遊輝 side
「今回はスペルカードは2枚までだぜ!」
博麗神社の霊夢の寝床のすぐ前の庭・・・・・・・
俺と対峙する魔理沙は2本の指を突き出してそう宣言する。
スペルカード使用は2枚か・・・・・ 何か直ぐ終わりそうだな・・・・・
「なあ魔理沙」
「何だぜ?」
「そのさ〜、暗黙のルールに反するけどさ、スペルカードが切れてもとりあえずお互いが参ったって言うまで戦おうぜ。何かあっさり終わりそうだし」
「(・・・・つまり遊輝は魔理沙に勝てる自信があるのかしら?魔理沙は人間でも強い部類よ。霊力がほとんどない遊輝にはかなり厳しい相手だと思うけど・・・・・その逆で負ける自信もあるわね)」
俺の提案に魔理沙は少し考えるが、直ぐに返信が来た。
「いいぜ!すぐに遊輝を倒してやるぜ!」
そう宣言して箒にのり空を飛ぶ魔理沙。
良いな〜・・・・・・俺も空を飛びたいな、空を飛ぶ魔理沙と地上で戦う事しか出来ない俺とだったら、俺の方がかなり不利だしな・・・・・・早く霊力を上げよう〜と。
「それじゃ・・・・行くぜ!!」
魔理沙の掛け声で、魔理沙の両端に青と緑の球みたいなものが出来て一斉に俺に向かう。
ふ〜ん・・・・これが弾幕か・・・・とりあえず、避けられるようにしないといけないって言っていたから・・・・
「ほっ!はっ!よっと!」
この弾幕は直線にしか行かず、しかも球が小さいから避けやすい。多分、これが基本的な弾幕なんだろうな・・・・最終的には俺もこれくらい簡単に作れるようにしないと。
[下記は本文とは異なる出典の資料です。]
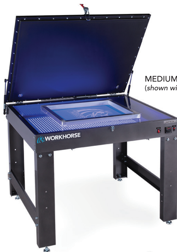
MEDIUM (shown with optional legs)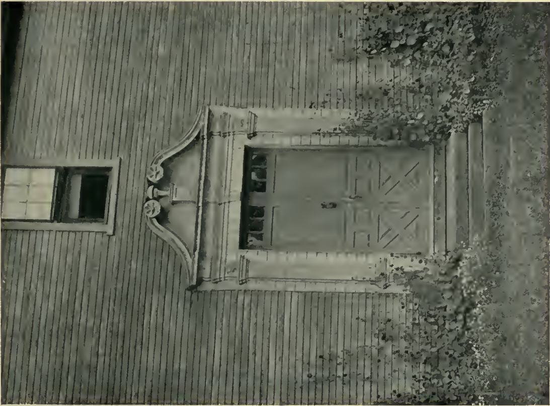
Detail of Entrance.

HOUSE AT GLASTONBURY, CONNECTICUT. Much of the charm of this porch may be the charm of age, but it is finely proportioned and of refined detail.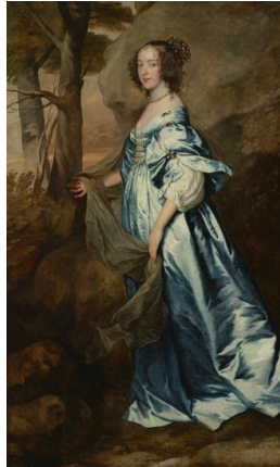
Title: Lady Anne Carey, Later Viscountess Claneboye and Countess of Clanbrassil Date: ca. 1636 Primary Maker: Anthony van Dyck Medium: Oil on canvas Dimensions: 83 1/2 x 50 1/4 in. (212.1 x 127.6 cm)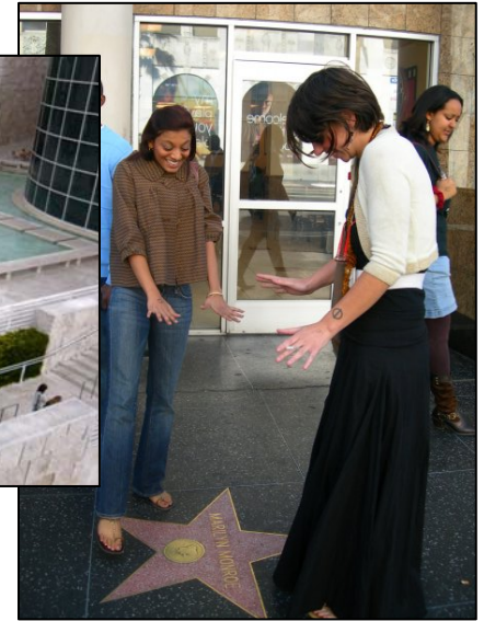
Right: The Walk of Fame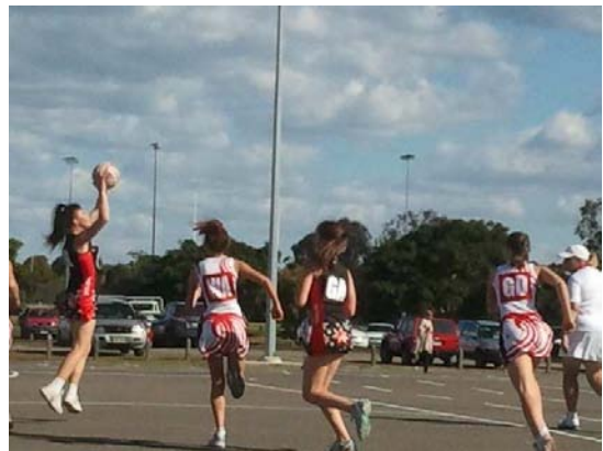
14 A Silver in action during their final game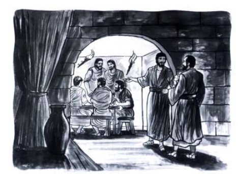
Paul brought before King Agrippa and the Roman governor Festus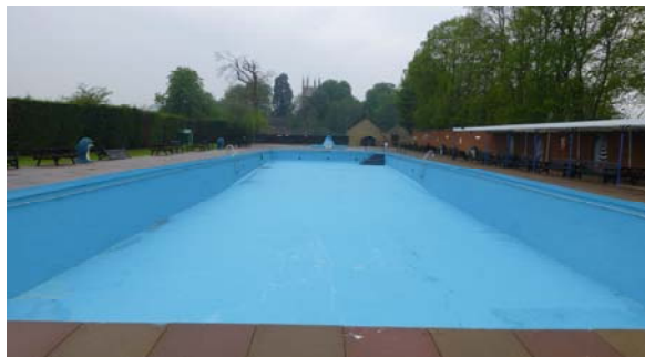
Finally the task of hand painting the pool was aided by a working party from Cummins Stamford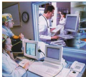
Medical or dental personnel access a computer from multiple locations

The MultiStation has a variety of other features to fine-tune your application. Call us to find out how the MultiStation can simplify your computer access.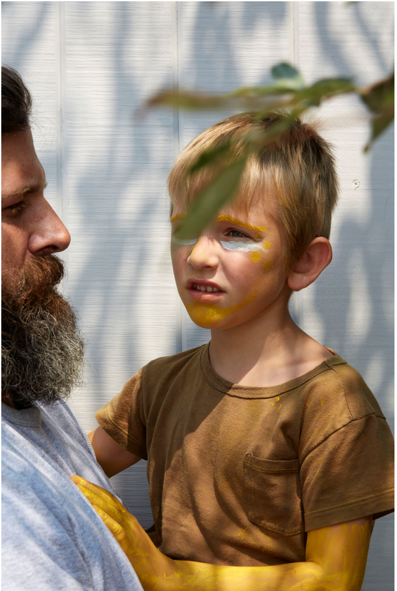
Me and Auggie , 2015. Dye sublimation print on aluminum, 45 x 30 inches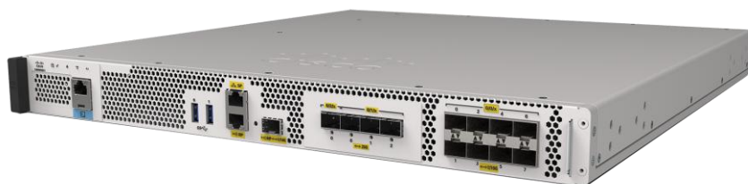
Figure 3. Cisco Catalyst CW9800H1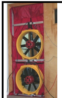
2nd fan for large buildings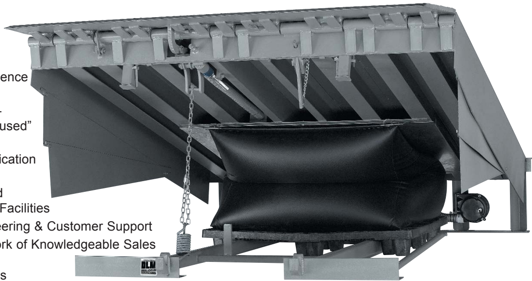
DA Series, 7' x 10', 50,000 CIR, Full Range Toe Guards, CleanSweep Frame™

Since introducing the “freight industry’s” first Edge-of-Dock leveler in 1962, DLM has continued to provide innovative ways to improve productivity and safety at the loading dock. The “DA” Series Leveler combines the “push-button” convenience of hydraulic levelers with the economics of a mechanical leveler to bring value and performance to your loading dock. From superior structural design to unlimited operator features, the “DA” Series air powered leveler is a wise investment.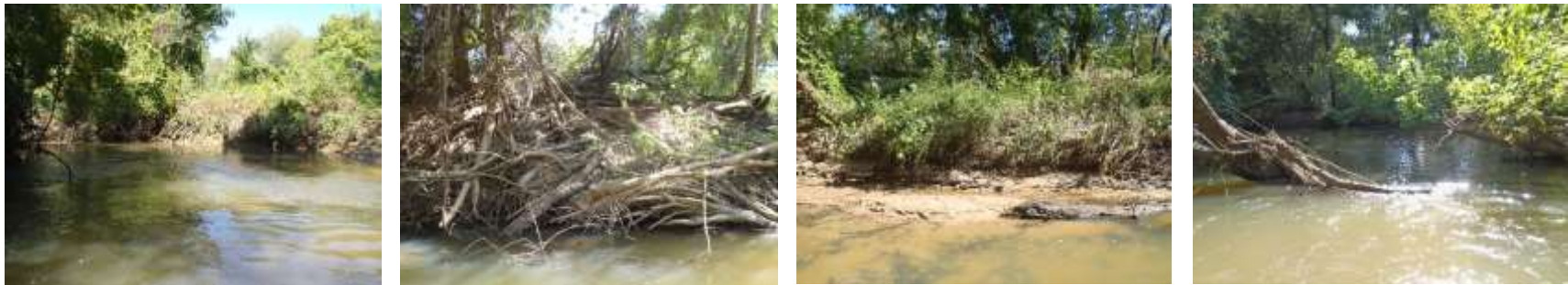
Photo group 1a: Site BF01 at 0m; downstream, left bank, right bank, upstream. Taken on trip 2, 10/06/2020.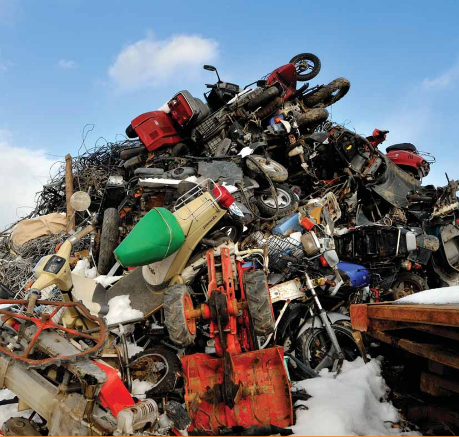
Stack of two-wheel vehicles in Sendai City awaiting identification by their owners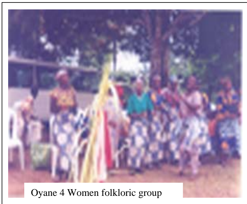
Oyane 4 Women folkloric group

The delegates of FESEENA who were specially invited to the events, seized this opportunity to sensitise their colleagues female teachers of the OYANE 4 Public School on HIV/AIDS.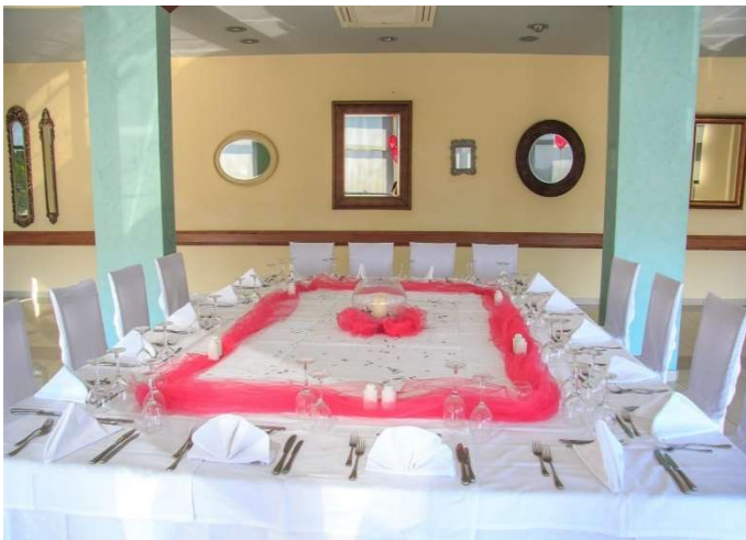
Hollow Square style up to 20 guests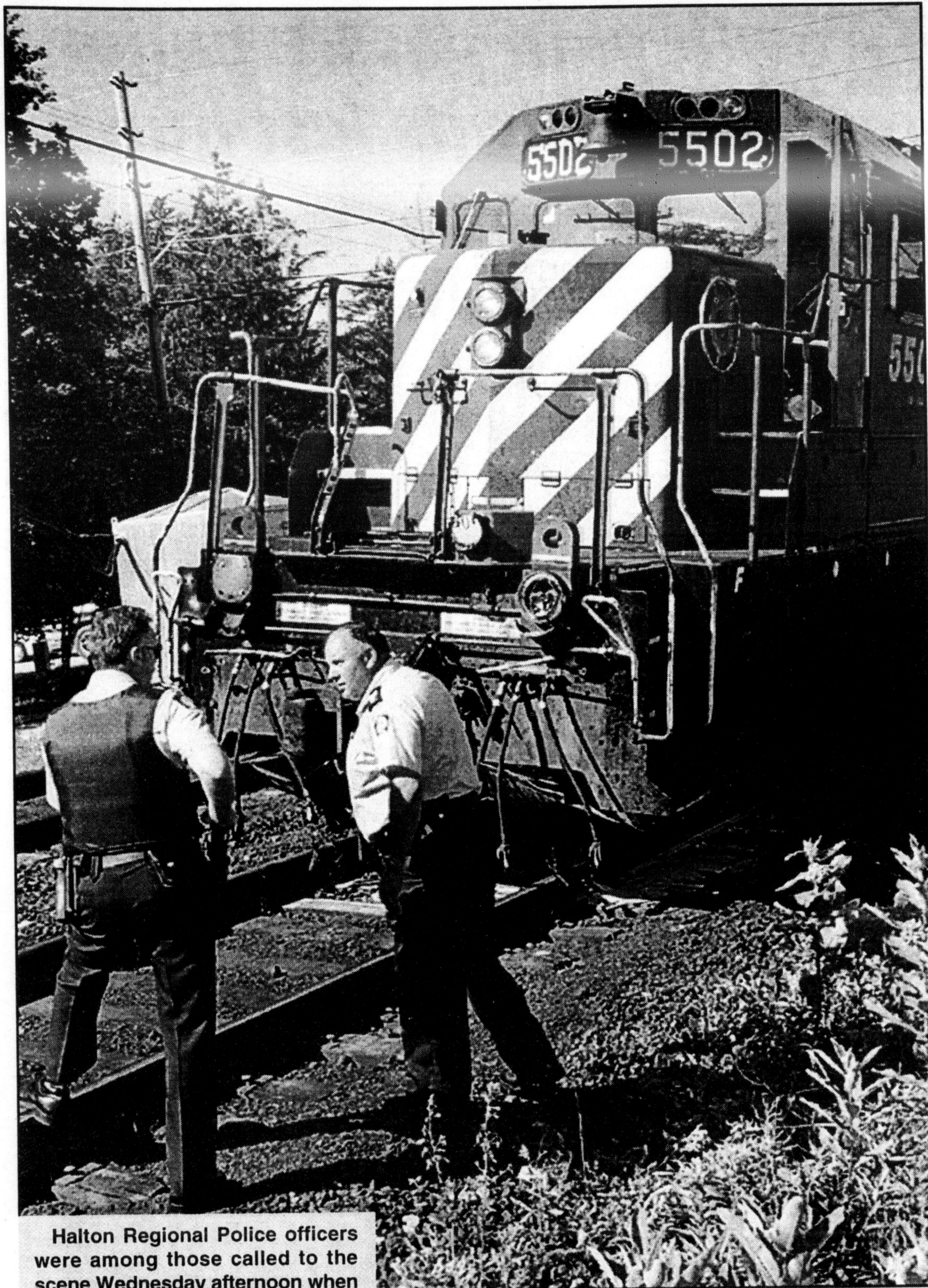
Halton Regional Police officers were among those called to the scene Wednesday afternoon when a CP train struck a crane/railway tie remover in rural Campbellville.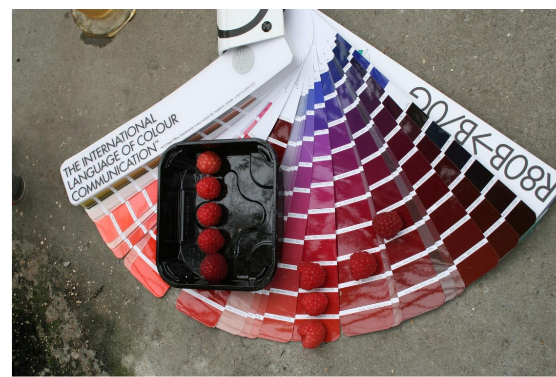
Figure 1: Colour Scale

Raspberry plants ( Rubus idaeus L. 'Glen Ample') were produced and cultivated in a greenhouse at a commercial grower's nursery on the west coast of Norway during the Spring 2011. Five berry colours along an assumed maturation gradient were identified according to the natural colour system (www.ncscolour.com) and used as a reference during the picking. Colours ranged from orange/red (colour 1), light red (colour 2), red (colour 3), dark red (colour 4) and dark red/ lilac (colour 5, Figure 1). After harvest, raspberry fruit were stored in a dark, cold room (2-3°C) for 1 day or 8 days until subsequent physical (fresh), sensory and chemical analysis.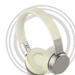
Active Noise-cancellation Headphones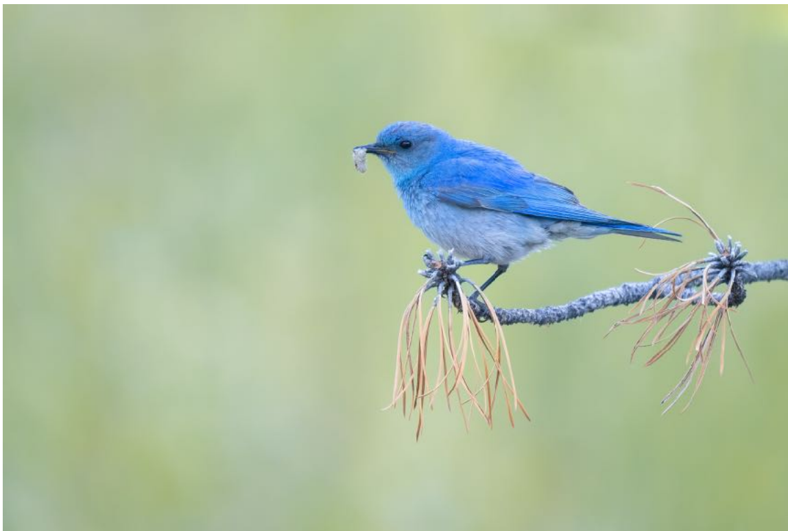
Mountain Bluebird: Photo by Guide - Ben Knoot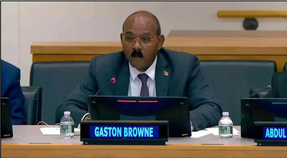
Prime Minister Gaston Browne

Delivering some of his strongest remarks on the current threats facing island nations around the globe, Antigua and Barbuda Prime Minister the Hon. Gaston Browne has made an impassioned plea for the immediate operationalization of the Multidimensional Vulnerability Index (MVI).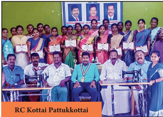
RC Kottai Pattukkottai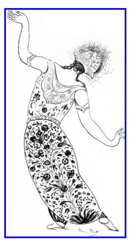
Fig. 3. Programme Illustration: back of the Péri's costume. René Piot, design for La Péri , Programme, Concert de danse N. Trouhanova . Private Collection.

Iskender's costume is described by Piot as a 'long Persian robe made from satin, gold buttons, raised gold paints, on which will be applied a crimson velvet carved with the grand arabesque of embellishments. A belt and sleeves of gold. He is groomed in a grand turban of ivory velvet.'109 Iskender's colour palette alludes to opulence. The densely patterned robe consists of vines (Figure 4). Like the Péri, he wears a belt, upon which he carries a dagger. Iskender's costume is darker and denser than that of the Péri. He is the hunter who is armed, wearing a decorated outfit that may be seen to correspond to the rhythmic urgency of his theme and to his quest for the immortal flower. Iskender's theme is constructed from a sustained tonal chord punctuated by mildly dissonant chords in double dotted rhythms, followed by ascending quavers (first presented at bar 16, Example 2): the sharp rhythmic and melodic contours correspond on a basic level to Iskender's more angular costume. It is also worth noting at this stage that the hunting nature of his expedition (from a Western perspective) is mirrored within Dukas's orchestration with frequent use of brass (especially horns) for his fanfare-style theme. This rhythmic interjection and brass associated melody contributes toward his importunate character.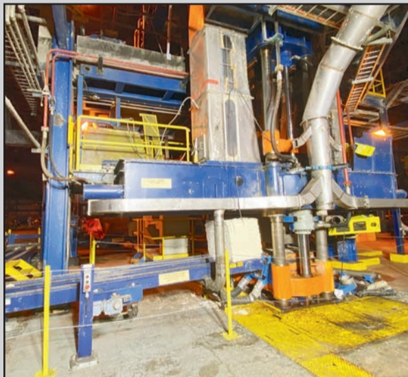
(1 OF 2) NILSEN CNC HYDRAULIC PLC SLAB PRESSES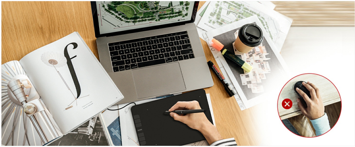
Image: The compact size of the VK640 drawing tablet, ideal for beginners.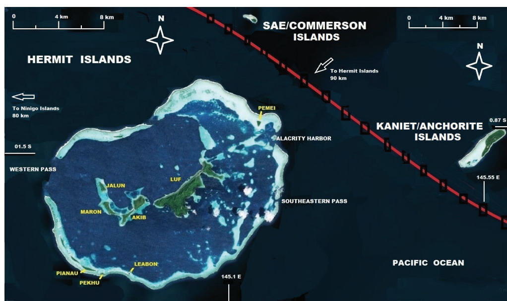
Figure 2. The Hermit Islands, showing all of the islets mentioned in the text; the Sae and Kaniet Islands are shown at a different scale (based on www.Bing.com/maps/aerial ).

covered in coconut palms, Casuarina , mangrove, Terminalia catappa and Pandanus sp., which makes penetration of more than a few dozen metres into the interior near-impossible. The south-west coralline islands support similar vegetation with tall Casuarina predominating. Dense vegetation made casual access impossible. These islands are uninhabited except three families that reside on the eastern tip of Pianau (37 ha).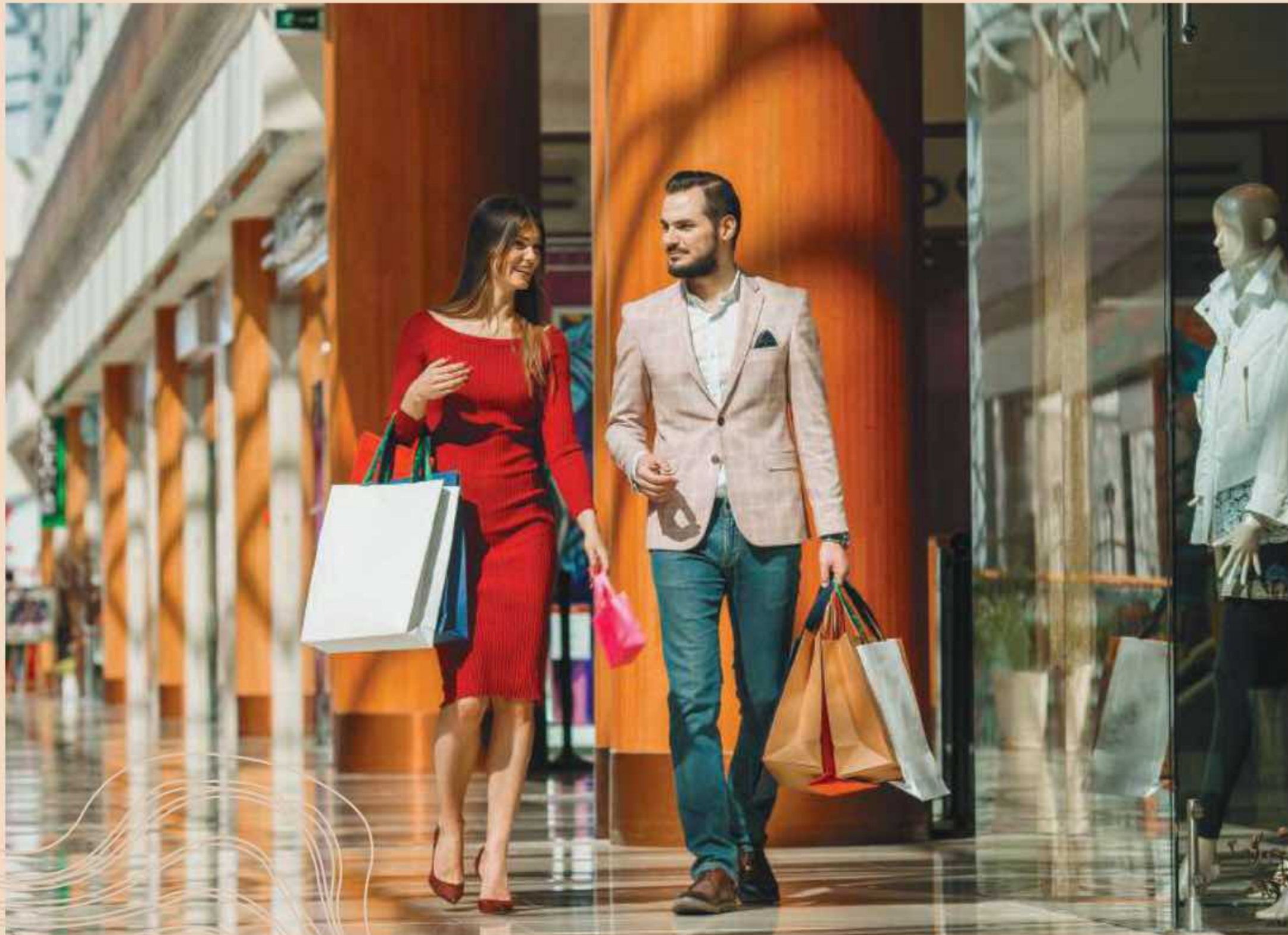
The image shown is for demonstrative purpose only and is subject to change.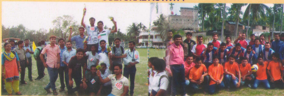
GAMES AND SPORTS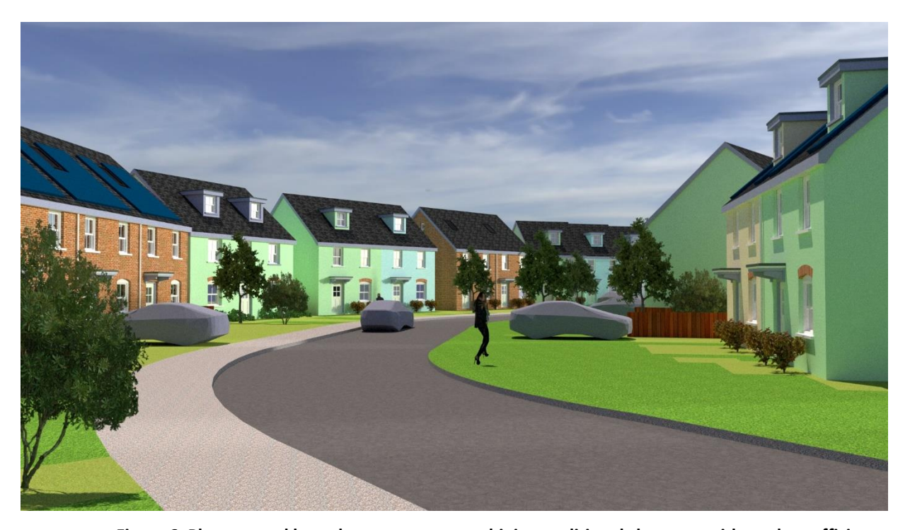
Figure 6: Pleasant and homely street scene combining traditional character with modern efficiency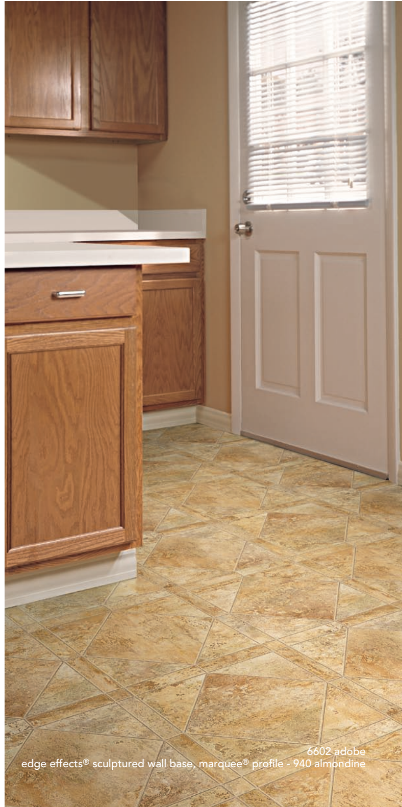
6602 adobe edge effects® sculptured wall base, marquee® profile - 940 almondine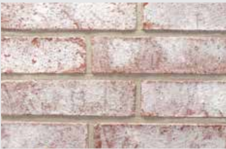
Coventry Cottage (892)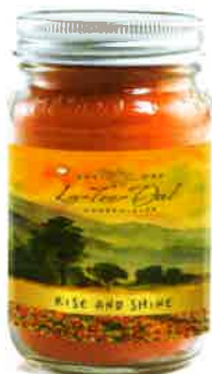
#06029 Mason jar (16oz) $15.00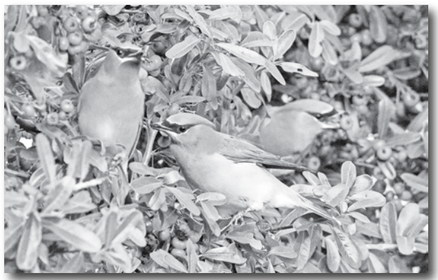
Cedar Waxwings in Pyracantha. Jim Hoagland | Submitted

「(少し無駄な動きがあるけど身軽ね。忍者の衣装を着ているのは伊達じゃないわね)」
「さすがにこの弾幕は避けられるか・・・・なら次はこれだぜ!」
そう言ってさっきよりも少し大きな弾幕を出して、俺にホーミングする。
う〜ん・・・デカイのは避けた時に別のが当たる可能性もあるし、ここはこいつで・・・・・
「(竹刀?何をする気?)」
「・・・・・・・・・そりゃ!!」
ズバン!!!!!
「「き、斬った!?!?」」
神経を集中させて、こっちに八方からくる弾幕を2本の竹刀で斬る。
いや〜、さっきのよりデカイから成功したよ。小さかったらかすって受けていただろうな。
「だ、弾幕を斬った・・・・・・」
「は、初めてだぜ・・・・・弾幕を避けるんじゃなくて斬るだなんて・・・・」
「そう?さぁてと・・・・・流石に防戦一方じゃつまらないし、そろそろ反撃といきますか」
もう一度構えのポーズを取り、魔理沙に睨みをきかす。
「ぐっ・・・・だけど、空を飛んでいる私に竹刀は当たらないぜ!」
「確かに俺は近距離攻撃の方を専門としているが、別に遠距離攻撃を不得意にしてはいないぜ?」
「竹刀でどうやって「魔理沙!!後ろ!!」へっ?・・・・・・・な、何だよこれ・・・・・・・」
霊夢の反応で魔理沙は後ろを向き絶句する。
そこにあったのは、魔理沙の弾幕よりも少し大きめの真っ赤に燃えた太陽が大量にあったからだ。
「さぁ・・・・・今度はそっちが踊る番だぜ!」
竹刀を魔理沙の方に向け、それを合図に大量はどんどんと魔理沙をホーミングする。
「くっ!こ、この!!」
「心配しなくてもそいつは当たっても熱くならないようにしてあるからな!」
今回のサン・フレアは追尾付きだぜ。こいつを習得するのかなり時間がかかったんだからな。
「あっ!」
ボン!
ちょっとサン・フレアに当たった所で魔理沙がバランスを崩してその隙に全ての太陽が魔理沙に当たり、地面に落ちる。
さぁてと・・・・・・どうかな?
「いてててて・・・・・・・や、やられたぜ。だったら・・・・・・」
砂ぼこりがおさまったところで、魔理沙が頭を抑える仕草があったがどうやらあまり聞いてないらしい。そして、そのままポケットから1枚のカードを取り出す。
「スペルカードか・・・・・」
「そう、ここから本当の勝負だぜ!!」
魔符「スターダストレヴァリエ」
スペルカードから光が放たれて、魔理沙の周りに星が大量に出て来てそれが一斉に俺に向かってホーミングする。一つずつ避けながらその星は爆破して少しバランスを崩す。
「とととと・・・・・」
なるほど・・・・・ちょっとした爆弾か。しかもこっちを正確に狙っているし、基礎的な攻撃なんだな。一発の威力もそこそこ高いし。しかし・・・・・・・
「(攻撃方法が少し単調になってきたな。これなら・・・・・・)」
俺は地面を蹴り、一直線に魔理沙の方までジャンプする。
「へっ!ジャンプだけなら意味が「龍虎!!」!?うわっ!!」
余裕ぶっかましている魔理沙に俺はさらに足にブーストして竹刀で魔理沙を斬る。突然のことで魔理沙はバランスを崩してそのまま落下。さらに俺にホーミングしていた魔理沙のスペルカードによる攻撃も魔理沙自身が受けてしまった。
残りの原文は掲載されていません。